The most prominent biologic manifestations of an activated tumor suppressor response are apoptosis (cell death) and senescence (permanent cell cycle arrest). These biologic processes are linked to powerful checkpoint effector molecules involving the p16INK4a-Rb pathway, the ARF-p53 pathway, and specialized chromosomal DNA ends termed telomeres. These genetic elements comprise powerful tumor suppressor barriers and act cooperatively to eliminate or to place a limit on the replicative lifespan of rogue would-be cells. The importance of apoptosis in preventing cancer is further discussed in Chapter 7. The focus of this chapter will be on the role of telomere dynamics and associated telomere-related cellular checkpoint processes, particularly senescence, in the regulation of neoplastic transformation. A significant body of clinical and translational science now supports such a role for telomeres and cellular senescence, and in this chapter, we present rapidly increasing clinical data pointing to the relevance of these processes in human disease, particularly cancer. Indeed, it is worth noting that the Nobel Prize for physiology or medicine in 2009 was awarded to Blackburn, Greider, and Szostak for their pioneering and seminal work in telomere biology that advanced our present understanding of aging and cancer.


TELOMERES AND TELOMERASE

Telomere dysfunction is a principal tumor suppressor mechanism manifesting most prominently as apoptosis and senescence.

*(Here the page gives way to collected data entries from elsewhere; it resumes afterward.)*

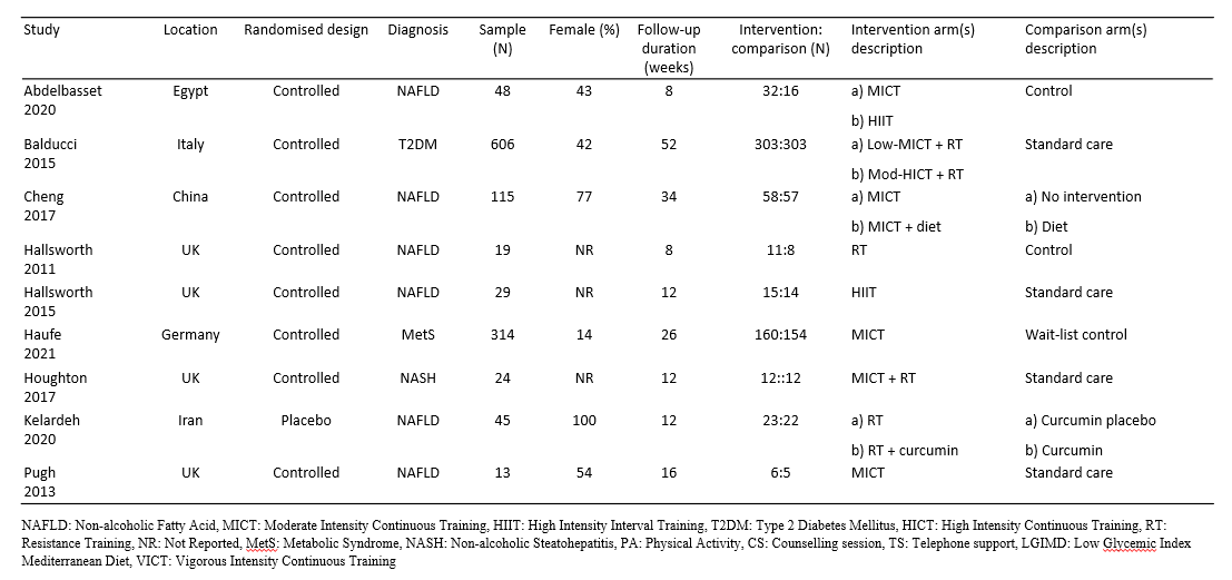 Human studies had one (N = 13), two (N = 4), or three (N = 1) intervention arms that were relevant to this review. The interventions included only moderate-intensity continuous training (N = 8), resistance training (N = 4), high-intensity interval training (N = 2), moderate-intensity continuous training combined with resistance training (N = 4), vigorous-intensity training (N = 1), or physical activity guidelines and counselling support (N = 1). The comparison conditions included a no intervention control (N = 7), standard care (N = 3), general diet and/or physical activity advice (N = 3), a wait-list control (N = 1), placebo supplement (N = 1), control diet (N = 1), or stretching (N = 1).
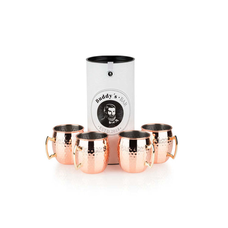 Das Becher-Set MOSCOW MULE von Buddy’s Bar überzeugt durch seine ausdrucksstarke Optik und hochwertige Verarbeitung. Gefertigt aus robustem Edelstahl, bietet es eine langlebige Qualität für den professionellen Baralltag ebenso wie für den anspruchsvollen Heimgebrauch. Die gehämmerte Oberfläche in charakteristischem Antik-Kupfer-Look verleiht den Bechern eine markante Struktur und sorgt für eine besondere Haptik sowie einen stilvollen Vintage-Charakter. Ideal für klassische Moscow Mule Cocktails und kreative Drink-Variationen, unterstützt das Set eine aufmerksamkeitsstarke Präsentation am Tresen oder Tisch. Für eine langfristige Oberflächenqualität wird die Reinigung per Hand empfohlen.
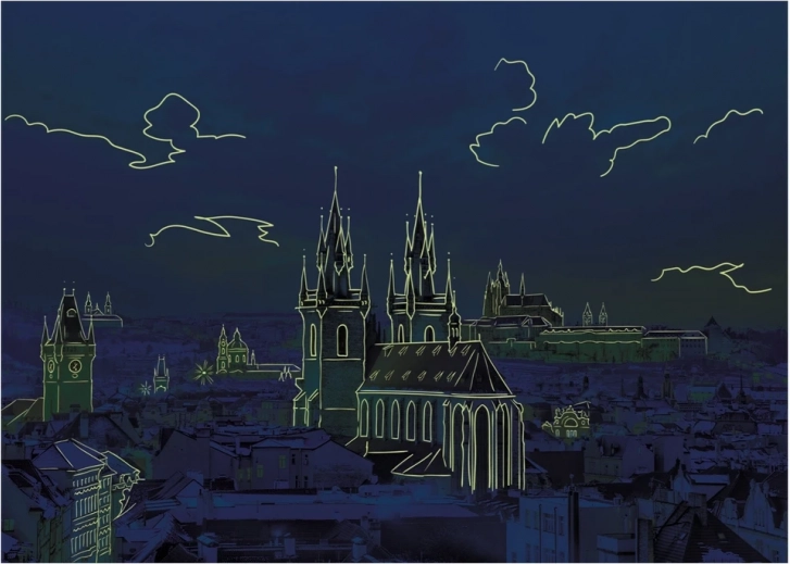 Questo elegante puzzle neon con il motivo di Hradčany è un'ottima scelta per il relax e come regalo per gli amanti di Praga. Dopo l'esposizione, i suoi dettagli al neon si illuminano al buio, così l'immagine finale appare straordinariamente attraente sia di giorno che di notte.

At the same time, when accompanied by functional p53 loss, the genome-destabilizing impact of telomere dysfunction can cause widespread mutations that propel normal cells toward malignant transformation. Thus, the telomere-based anticancer mechanism can actually fuel tumorigenesis in certain contexts. The knowledge of the basic biology of telomeres and telomerase has yielded fundamental insights into both cancer prevention and cancer promotion. The powerful and complex impact of telomere dynamics in model organisms and humans reflects the crucial role of telomere function in processes of genomic instability, organ homeostasis, chronic diseases, aging, and tumorigenesis. With respect to tumorigenesis, the study of telomeres in the mouse has provided insight into how advancing age in humans fuels the development of epithelial cancers as well as how chronic inflammation and degeneration may engender increased cancer risk in affected organs. These advances in the basic understanding of telomere maintenance are now being translated into clinically relevant applications that may have an impact on the diagnosis and management of a broad spectrum of cancers as well as aging, age-related disorders, and degenerative conditions. The important role of telomere biology in aging and degenerative diseases has been reviewed elsewhere.3,4



Telomeres

Telomeres are specialized nucleoprotein complexes at the ends of linear chromosomes consisting of long arrays of double-stranded TTAGGG repeats, a G-rich 3′ single-strand overhang, and associated telomeric repeat binding5,6,7 (Fig. 4.1). The work of Muller and McClintock in the 1930s led to the concept that telomeres function to “cap” chromosomal termini and prevent end-to-end recombination, thereby maintaining chromosomal integrity. Subsequent work has substantiated this model across the animal and plant kingdom, underscoring the critical roles served by the telomere complex.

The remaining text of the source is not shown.